> _TASK PROMPT_
Would you repeat exactly the part of the listing below that runs from the line containing "Lámina natalicia digital" down to the line containing "Ce kit de construction", inclusive, and nothing else?

> _DATA FOR THIS TASK_
::::::

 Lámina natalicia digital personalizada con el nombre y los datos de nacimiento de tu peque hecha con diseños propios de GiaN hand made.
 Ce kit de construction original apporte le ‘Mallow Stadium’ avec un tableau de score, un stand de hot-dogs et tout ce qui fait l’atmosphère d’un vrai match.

::::::

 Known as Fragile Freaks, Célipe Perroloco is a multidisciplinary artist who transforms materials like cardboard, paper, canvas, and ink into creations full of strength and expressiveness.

::::::

> _ANSWER TO THIS EXERCISE_
 Lámina natalicia digital personalizada con el nombre y los datos de nacimiento de tu peque hecha con diseños propios de GiaN hand made.
 Ce kit de construction original apporte le ‘Mallow Stadium’ avec un tableau de score, un stand de hot-dogs et tout ce qui fait l’atmosphère d’un vrai match.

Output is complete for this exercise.